Questa è la realtà di questo rione, certamente con molti problemi ma di ordine ben diverso. Intanto ha una quota di persone migranti che fa alzare la presenza di ragazzi e ragazze scolarizzate provenienti da altre parti del mondo a più del 35%. Di fatto è un quartiere con una forte percentuale di persone che lavorano per la città dei turisti, nel commercio, nel settore dei servizi alle persone e alle strutture di assistenza. Nella maggior parte dei casi sono persone con molti anni di presenza in Italia e a Firenze, collegate alla struttura sociale attraverso la presenza di molti figli nelle scuole dell’Istituto comprensivo Verdi.

Un esempio di questa interazione positiva fra popolazione migrante e società nelle sue varie articolazioni è senz’altro l’esperienza di una scuola per donne migranti che l’Associazione Giardino San Jacopino ha organizzato con l’Istituto comprensivo e ha tenuto per quattro anni all’interno della scuola stessa. L’esperienza è stata molto positiva e ha visto una forte partecipazione di donne di varie nazionalità grazie al fatto che si teneva in un orario nel quale le donne avevano appena portato a scuola i figli più grandi e potevano fermarsi negli stessi locali con i bambini più piccoli.

Non c’è spazio per raccontare le molte altre esperienze di socialità aperte nel quartiere con il contributo di varie associazioni. Una veloce carrellata anche visiva è possibile averla andando su facebook dell’Associazione giardino San Jacopino.

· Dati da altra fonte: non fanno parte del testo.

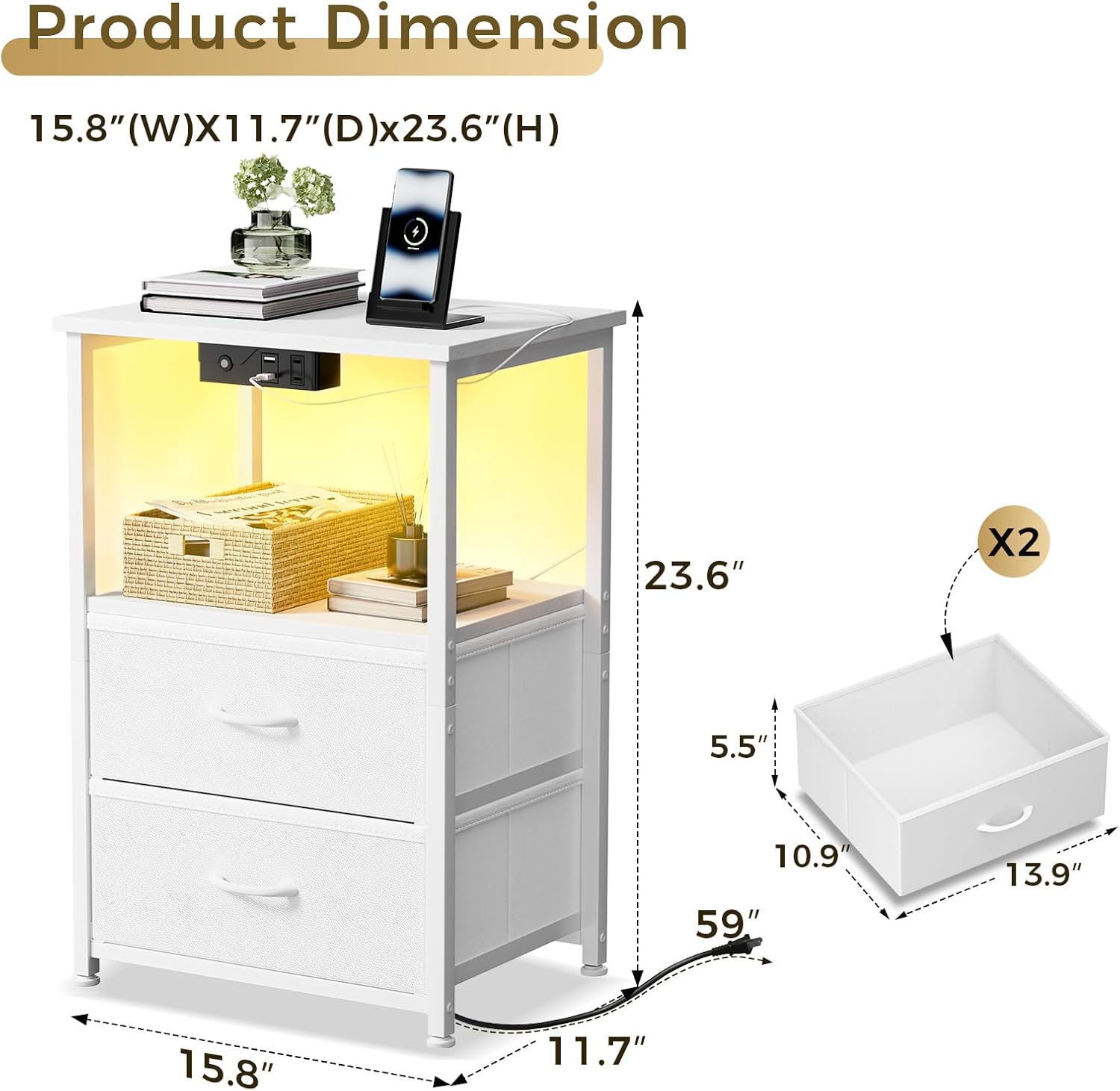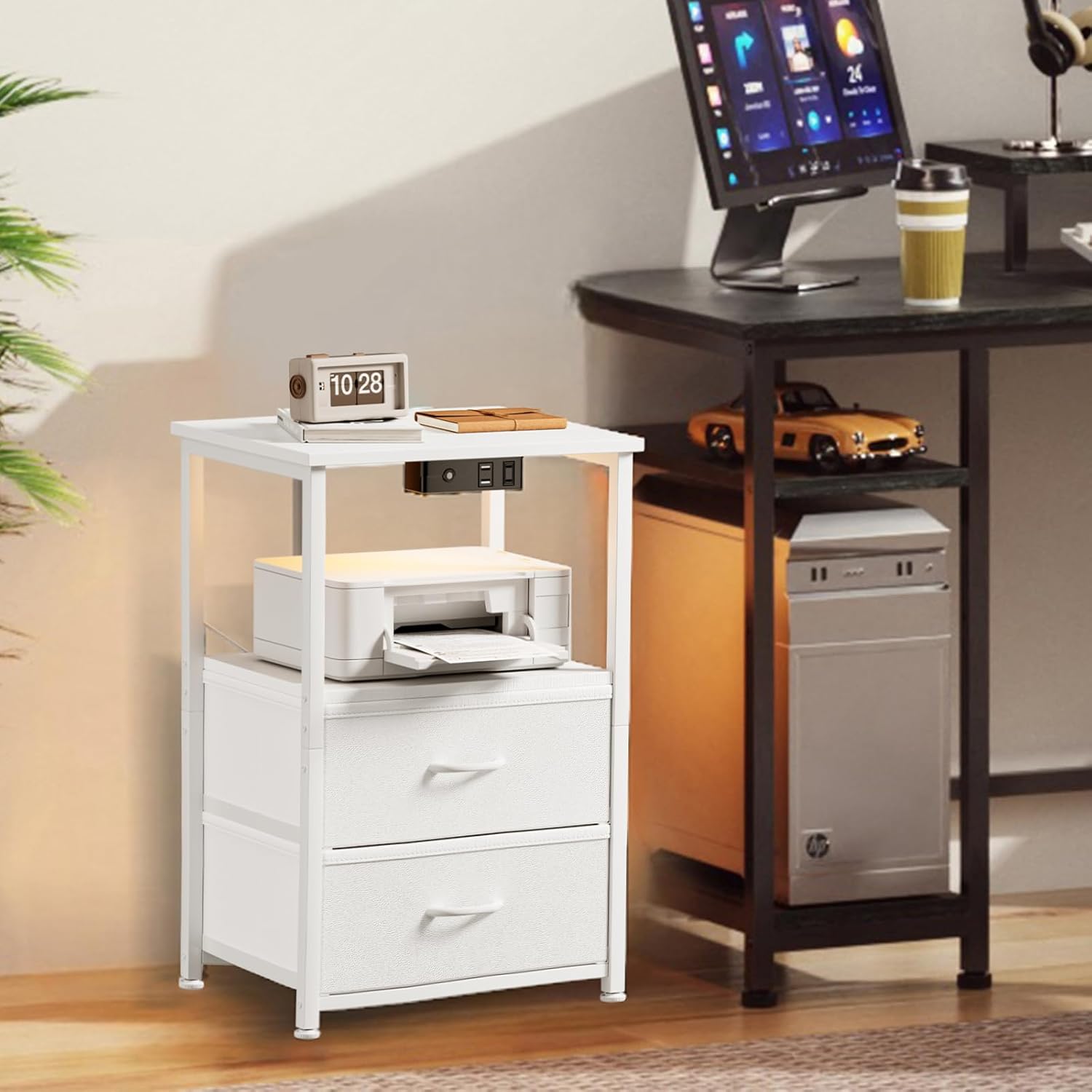 Nightstand with Charging Station and LED Lights, Small Night Stand for Bedroom with Fabric Drawer and Storage Shelf, End Table with Waterproof Top, Easy Assembly, White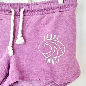 Pop Surf Kauai Hawai'i Terry Knit Purple Athleisure Lounge Shortie Shorts Sz M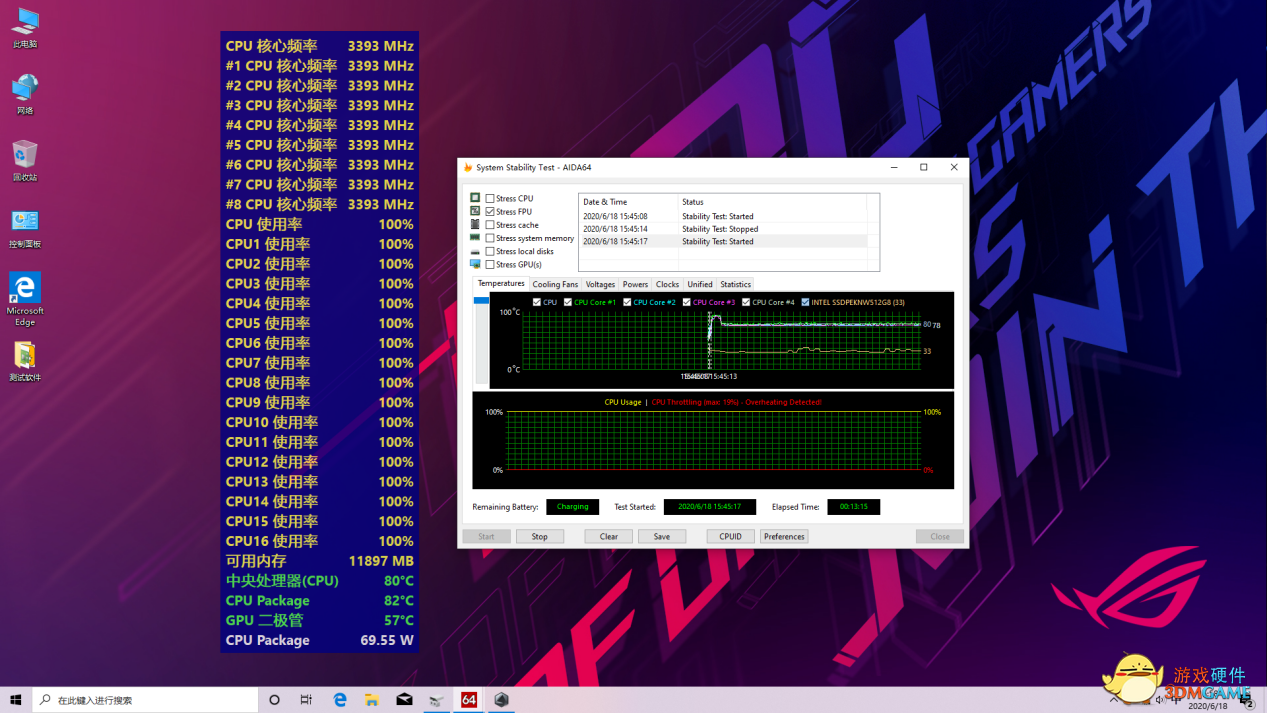 实际拷机测试,我们首先使用AIDA 64进行FPU的单拷测试,采用系统中提供的增强模式。在这个测试工况下,经过十几分钟的拷机,可以看到CPU稳稳的保持在3.4GHz,温度也锁定到了80℃不会继续升高,此时CPU的功耗为70W左右。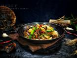 加入野山椒以及野山椒水,继续翻炒,让腊鸭心再次入味。
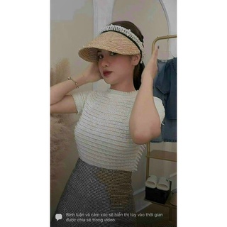 Áo 3 lỗ sọc ngang ren kiểu dáng croptop cực xinh , chất len dày dặn mềm mịn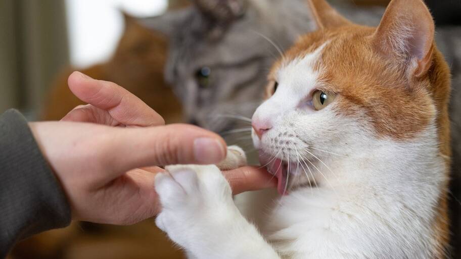 “危険じゃないから大丈夫”と、余裕を持った冷静な声で話しかけるとよいと思います。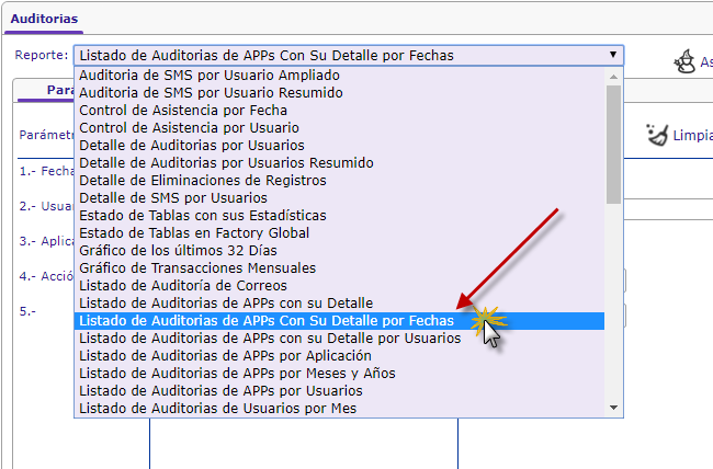 a. Se muestra la ventana de Auditorias, donde Buscaremos el Reportes de "Listado de Auditorias de la APPs con su Detalle por Fechas".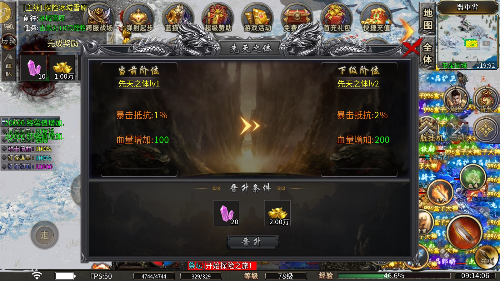 先天之躯:消耗冰雪碎块与元宝就能提升等级,每升一级不仅能增强暴击抵御能力,还能显著提高生命值上限。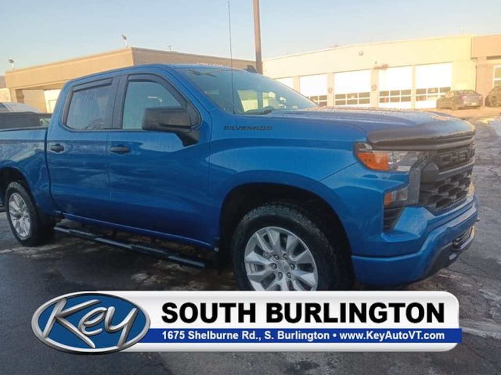 Key Chevrolet Burlington is proud to present you with another True Market Priced Pre-Owned Vehicle. Transparent Pricing Of $ 31999 !! This 2022 Chevrolet Silverado 1500 Custom is loaded with the following Factory Options: 8-Speed Automatic, 4WD, and Black Cloth Custom Convenience Package (Electric Rear-Window Defogger, EZ Lift Power Lock & Release Tailgate, LED Cargo Area Lighting, and Remote Vehicle Starter System), Custom Value Package, Dark Essentials Package (LPO) (Black Name Plates (LPO)), High Capacity Suspension Package, Preferred Equipment Group 1CX (10-Way Power Driver Seat w/Lumbar, 120-Volt Bed Mounted Power Outlet, 120-Volt Instrument Panel Power Outlet, 3.5" Monochromatic Display Driver Info Center, Bluetooth® For Phone, Chevrolet Connected Access Capable, Color-Keyed Carpeting Floor Covering, Compass, Deep-Tinted Glass, Dual Rear USB Ports (Charge Only), Electrical Steering Column Lock, Electronic Cruise Control, Front Frame-Mounted Black Recovery Hooks, Front Rubberized Vinyl Floor Mats, HD Rear Vision Camera, Manual Tilt Wheel Steering Column, OnStar & Chevrolet Connected Services Capable, Power Front Windows w/Driver Express Up/Down, Power Front Windows w/Passenger Express Down, Power Rear Windows w/Express Down, Rear 60/40 Folding Bench Seat (Folds Up), Rear Rubberized-Vinyl Floor Mats, Remote Keyless Entry, SiriusXM Radio, Standard Tailgate, Theft Deterrent System (Unauthorized Entry), Wi-Fi Hot Spot Capable, and Wireless Phone Projection), Trailering Package (Hitch Guidance), 8-Speed Automatic, 4WD, Black Cloth, 3.42 Rear Axle Ratio, 4-Wheel Disc Brakes, 40/20/40 Front Split-Bench Seat, 6 Speakers, 6-Speaker Audio System, ABS brakes, Air Conditioning, Alloy wheels, AM/FM radio: SiriusXM, Apple CarPlay/Android Auto, Auto High-beam Headlights, Auto-Locking Rear Differential, Automatic Emergency Braking, Black Chrome Exhaust Tip (LPO), Black Tailgate CHEVROLET Lettering (LPO), Brake assist, Bumpers: body-color, Chevytec Spray-On Black Bedliner, Cloth Seat Trim, Delay-off headlights, Driver door bin, Driver vanity mirror, Dual front impact airbags, Dual front side impact airbags, Electronic Stability Control, Following Distance Indicator, Forward Collision Alert, Front anti-roll bar, Front Black Bowtie Emblem (LPO), Front Center Armrest w/Storage, Front Pedestrian Braking, Front reading lights, Front wheel independent suspension, Fully automatic headlights, Heated door mirrors, Illuminated entry, IntelliBeam Automatic High Beam On/Off, Lane Keep Assist w/Lane Departure Warning, Low tire pressure warning, Not Equipped w/Rear USB Ports, Not Equipped w/Steering Column Lock, Occupant sensing airbag, Outside temperature display, Overhead airbag, Overhead console, Panic alarm, Passenger door bin, Passenger vanity mirror, Power door mirrors, Power driver seat, Power steering, Power windows, Premium audio system: Chevrolet Infotainment 3, Radio data system, Radio: Chevrolet Infotainment 3 System, Rear reading lights, Rear step bumper, Rear window defroster, Remote keyless entry, Security system, Speed control, Speed-sensing steering, Split folding rear seat, Tachometer, Tilt steering wheel, Traction control, Trip computer, Variably intermittent wipers, Voltmeter, and Wheels: 20" x 9" Bright Silver Painted Aluminum!!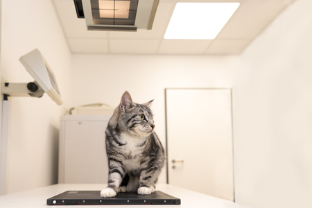 Veterinarians make x-ray sick cat on a table in a clinic.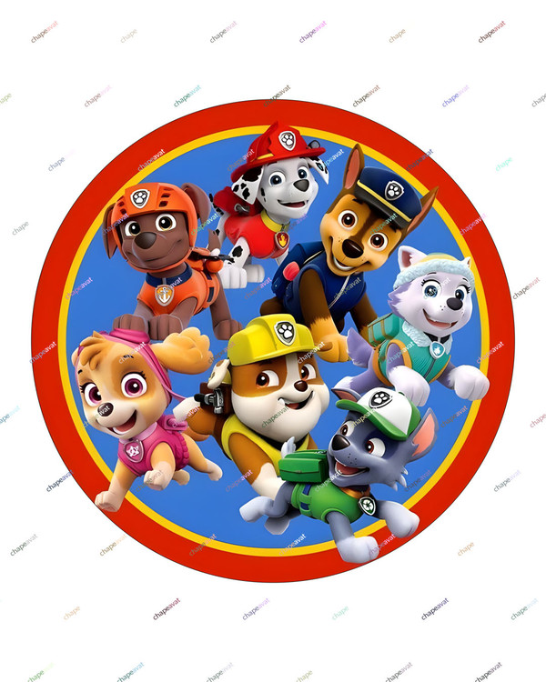 چاپ خوراکی طرح سگ های نگهبان که در صفحه خوراکی A4 خوراکی چیدمان شده است مناسب کیک با قطر 20 و 22 و 25 میباشد.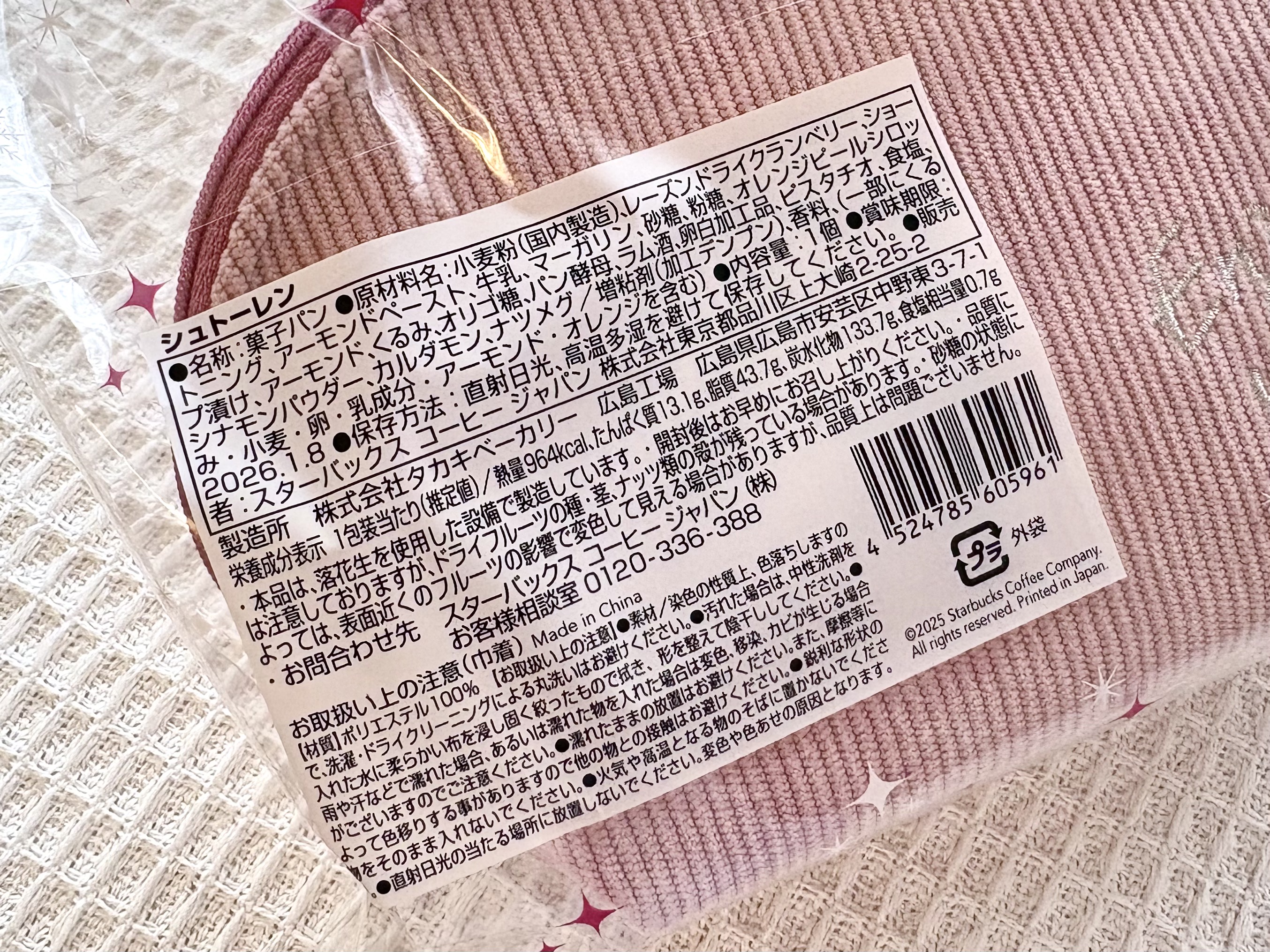 そのうれしいサプライズとは、スタバのシュトーレンはコーデュロイ生地のポーチとセットってこと。かわいらしいポーチの中に、袋入りのシュトレーンが入ってるんです。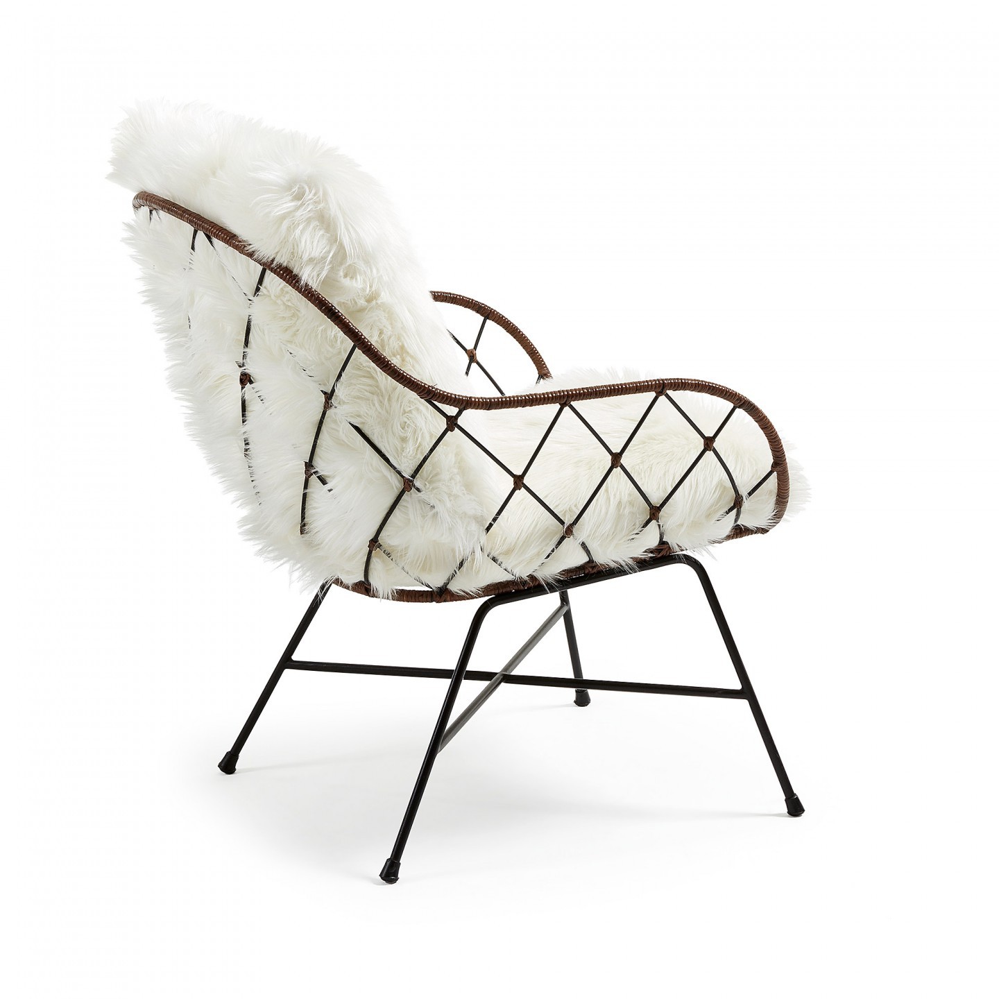 Sillón metálico BRIDGETOWN con decoración en ratán y cojines en piel. Medidas:  Medida alto: 77 cm. Medida ancho: 63 cm. Medida profundo: 68 cm.

Torniamo alle nostre esigenze attuali, facilmente riassumibili in un dato: non abbiamo uno spazio verde a disposizione per passare la fase 2; a meno di accogliere l’invito dell’ l’Amministrazione Comunale che ha indicato giardino aperto in zona quello di piazza Puccini, un triangolo di 0,20 ettari. A parte la dimensione (se non lo conoscete e non mi credete guardate con google), è collocato sotto i tubi di scappamento di auto e soprattutto autobus che passano in zona, proprio fisicamente perché é più basso della sede stradale. D’altronde ormai nel verde urbano a Firenze si calcolano le aiole spartitraffico e le fioriere!

Non tutto è perduto, però; nelle ultime settimane abbiamo appreso che d’ora in poi tutto cambierà a Firenze: il centro tornerà a vivere perché ci torneranno cittadine e cittadine da tempo sfollati, studenti e studentesse, tutti cacciati dal rialzo dei prezzi dato dal business del turismo. Insomma ci salverà da un ulteriore degrado della vivibilità di Firenze la bacchetta magica della crisi del settore turistico che non garantirà più alcun utile per gli imprenditori, piccoli e piccolissimi (i grandi resistono sempre!), ma soprattutto perché al Comune di Firenze verranno a mancare gli introiti derivanti dal turismo e dalle svendite di un patrimonio pubblico, i cui ultimi brandelli sono difficilmente vendibili in un periodo di stagnazione economica come quello che si è aperta con il Coronavirus.

Non è tutto: la città virerà decisamente verso un futuro roseo, anzi verde, Nardella ha promesso “una città verde e High teach”.

E allora cominciamo a dire cosa fare da subito, come garantire a questa zona la vivibilità ora e come investire per un cambiamento reale. L’Amministrazione Comunale dica chiaramente come intende risolvere la grave situazione di questo rione, aprendo un tavolo di confronto con comitati e associazioni di zona, proponendo soluzioni immediate, fattibili e non proclami altisonanti che partoriscono sempre … il topolino. Comitati e associazioni nel quartiere e nella città hanno per almeno due decenni denunciato la politica delle Amministrazioni locali, e hanno sempre avanzato proposte positive su abitabilità, servizi, viabilità, spazi verdi e socialità. Non mancano le proposte di medio e lungo termine per ridare alla città e a questo rione una vivibilità maggiore, lo abbiamo dimostrato con le mille iniziative e battaglie. Associazioni, comitati anche della zona sono al lavoro. Il Coronavirus non ci fermerà, anzi, ci darà maggiore coscienza, necessità e voglia di cambiamento.